▶ [Your task]
Pictures stay out; please output the remaining data exactly.

=== Recorded data ===

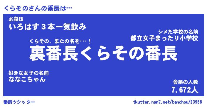 | 肩書あだ名 | 『くらその店長』『くらその総理大臣』 |
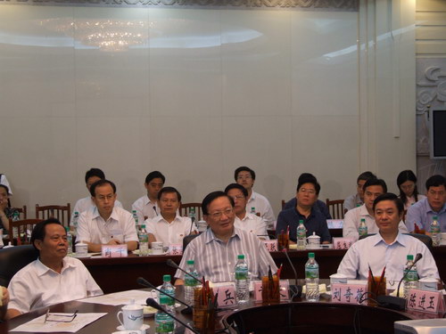 广西贸促会会长范晓莉向国务委员唐家璇汇报商务与投资峰会的筹备情况
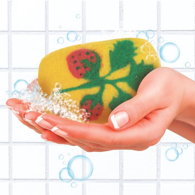 Игрушка из шерсти, мыло с мочалкой 'Ягоды'

===

▶ [Completed exercise]
 | 肩書あだ名 | 『くらその店長』『くらその総理大臣』 |
 广西贸促会会长范晓莉向国务委员唐家璇汇报商务与投资峰会的筹备情况
 Игрушка из шерсти, мыло с мочалкой 'Ягоды'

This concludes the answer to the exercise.